• [Entries shown]:
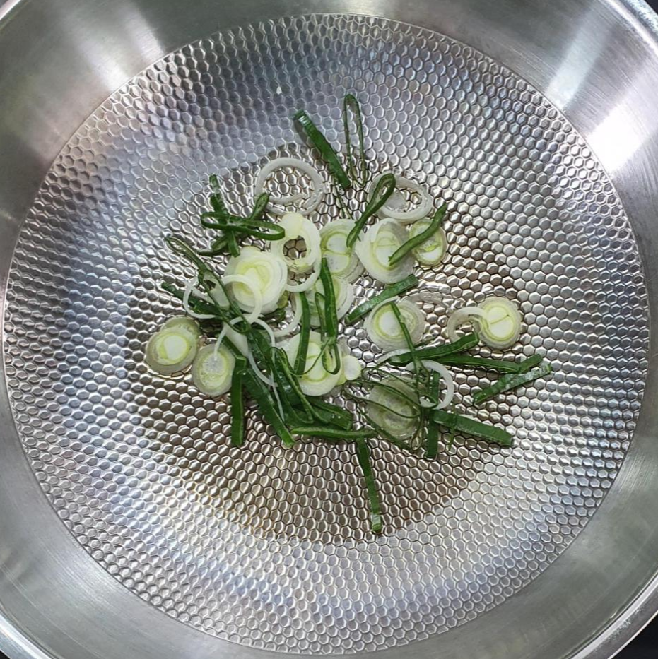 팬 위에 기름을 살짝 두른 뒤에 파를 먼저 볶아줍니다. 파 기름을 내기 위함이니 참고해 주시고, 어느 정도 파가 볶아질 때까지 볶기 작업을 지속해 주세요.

---

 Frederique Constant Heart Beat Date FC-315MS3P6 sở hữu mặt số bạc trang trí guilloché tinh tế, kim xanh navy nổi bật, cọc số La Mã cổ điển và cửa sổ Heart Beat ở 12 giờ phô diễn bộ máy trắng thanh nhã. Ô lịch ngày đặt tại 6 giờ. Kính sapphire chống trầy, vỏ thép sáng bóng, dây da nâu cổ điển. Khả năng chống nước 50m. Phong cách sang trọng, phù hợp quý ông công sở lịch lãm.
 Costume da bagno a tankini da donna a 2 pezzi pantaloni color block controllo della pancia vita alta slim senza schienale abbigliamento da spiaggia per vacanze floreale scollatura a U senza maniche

• [Your assignment]:
Look above for the line with "Frederique Constant Heart" and the line with "Costume da bagno"; transcribe both and all lines in between, exactly, and nothing else.

• [Exercise solution]:
 Frederique Constant Heart Beat Date FC-315MS3P6 sở hữu mặt số bạc trang trí guilloché tinh tế, kim xanh navy nổi bật, cọc số La Mã cổ điển và cửa sổ Heart Beat ở 12 giờ phô diễn bộ máy trắng thanh nhã. Ô lịch ngày đặt tại 6 giờ. Kính sapphire chống trầy, vỏ thép sáng bóng, dây da nâu cổ điển. Khả năng chống nước 50m. Phong cách sang trọng, phù hợp quý ông công sở lịch lãm.
 Costume da bagno a tankini da donna a 2 pezzi pantaloni color block controllo della pancia vita alta slim senza schienale abbigliamento da spiaggia per vacanze floreale scollatura a U senza maniche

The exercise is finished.